MATERIALS PROVIDED -
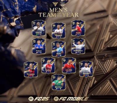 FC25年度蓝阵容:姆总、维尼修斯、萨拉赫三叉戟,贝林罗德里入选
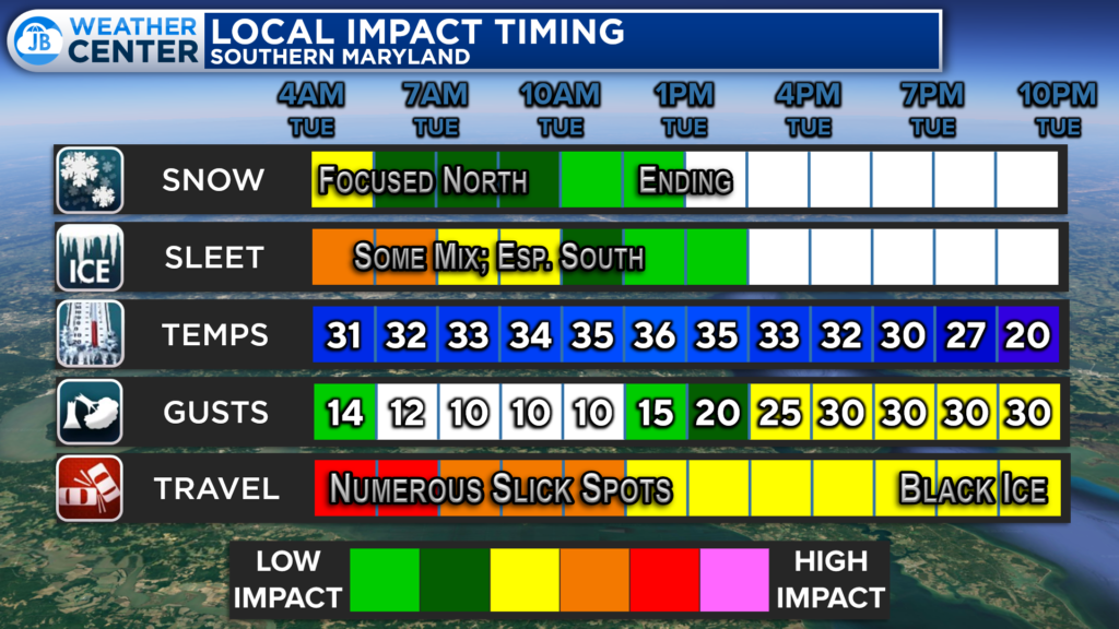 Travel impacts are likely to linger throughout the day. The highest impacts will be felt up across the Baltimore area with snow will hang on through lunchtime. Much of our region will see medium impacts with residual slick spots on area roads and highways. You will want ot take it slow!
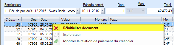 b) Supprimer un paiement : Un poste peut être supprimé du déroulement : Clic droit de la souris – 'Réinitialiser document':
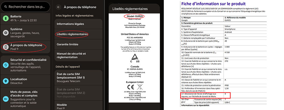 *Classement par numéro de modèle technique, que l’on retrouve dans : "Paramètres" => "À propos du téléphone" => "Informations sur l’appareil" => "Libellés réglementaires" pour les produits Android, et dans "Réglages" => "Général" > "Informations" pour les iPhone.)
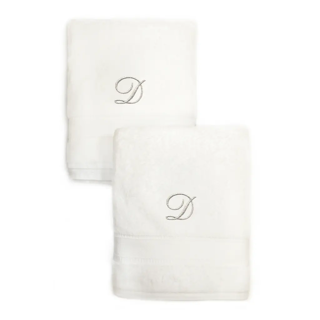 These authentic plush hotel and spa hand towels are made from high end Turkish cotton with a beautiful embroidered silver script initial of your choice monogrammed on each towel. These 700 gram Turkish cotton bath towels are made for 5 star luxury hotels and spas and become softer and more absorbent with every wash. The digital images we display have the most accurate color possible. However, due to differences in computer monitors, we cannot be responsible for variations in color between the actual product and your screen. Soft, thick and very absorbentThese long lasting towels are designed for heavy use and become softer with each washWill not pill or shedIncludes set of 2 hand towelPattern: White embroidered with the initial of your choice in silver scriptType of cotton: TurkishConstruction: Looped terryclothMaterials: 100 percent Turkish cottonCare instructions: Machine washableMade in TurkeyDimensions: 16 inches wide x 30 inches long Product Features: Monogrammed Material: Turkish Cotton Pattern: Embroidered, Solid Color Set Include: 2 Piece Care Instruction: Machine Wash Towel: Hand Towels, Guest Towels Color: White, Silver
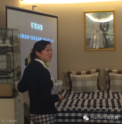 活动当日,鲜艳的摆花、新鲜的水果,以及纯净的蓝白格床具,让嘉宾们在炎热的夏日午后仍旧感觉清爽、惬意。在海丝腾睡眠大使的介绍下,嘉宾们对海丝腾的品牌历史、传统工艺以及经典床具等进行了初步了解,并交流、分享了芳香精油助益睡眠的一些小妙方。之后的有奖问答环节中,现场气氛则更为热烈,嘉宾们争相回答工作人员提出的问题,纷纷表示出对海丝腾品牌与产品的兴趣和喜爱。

DESCRIPTION OF THE TASK - Your answer should be an exact copy of the records above, with no pictures in it.

WRITTEN REPLY -
 FC25年度蓝阵容:姆总、维尼修斯、萨拉赫三叉戟,贝林罗德里入选
 Travel impacts are likely to linger throughout the day. The highest impacts will be felt up across the Baltimore area with snow will hang on through lunchtime. Much of our region will see medium impacts with residual slick spots on area roads and highways. You will want ot take it slow!
 b) Supprimer un paiement : Un poste peut être supprimé du déroulement : Clic droit de la souris – 'Réinitialiser document':
 *Classement par numéro de modèle technique, que l’on retrouve dans : "Paramètres" => "À propos du téléphone" => "Informations sur l’appareil" => "Libellés réglementaires" pour les produits Android, et dans "Réglages" => "Général" > "Informations" pour les iPhone.)
 These authentic plush hotel and spa hand towels are made from high end Turkish cotton with a beautiful embroidered silver script initial of your choice monogrammed on each towel. These 700 gram Turkish cotton bath towels are made for 5 star luxury hotels and spas and become softer and more absorbent with every wash. The digital images we display have the most accurate color possible. However, due to differences in computer monitors, we cannot be responsible for variations in color between the actual product and your screen. Soft, thick and very absorbentThese long lasting towels are designed for heavy use and become softer with each washWill not pill or shedIncludes set of 2 hand towelPattern: White embroidered with the initial of your choice in silver scriptType of cotton: TurkishConstruction: Looped terryclothMaterials: 100 percent Turkish cottonCare instructions: Machine washableMade in TurkeyDimensions: 16 inches wide x 30 inches long Product Features: Monogrammed Material: Turkish Cotton Pattern: Embroidered, Solid Color Set Include: 2 Piece Care Instruction: Machine Wash Towel: Hand Towels, Guest Towels Color: White, Silver
 活动当日,鲜艳的摆花、新鲜的水果,以及纯净的蓝白格床具,让嘉宾们在炎热的夏日午后仍旧感觉清爽、惬意。在海丝腾睡眠大使的介绍下,嘉宾们对海丝腾的品牌历史、传统工艺以及经典床具等进行了初步了解,并交流、分享了芳香精油助益睡眠的一些小妙方。之后的有奖问答环节中,现场气氛则更为热烈,嘉宾们争相回答工作人员提出的问题,纷纷表示出对海丝腾品牌与产品的兴趣和喜爱。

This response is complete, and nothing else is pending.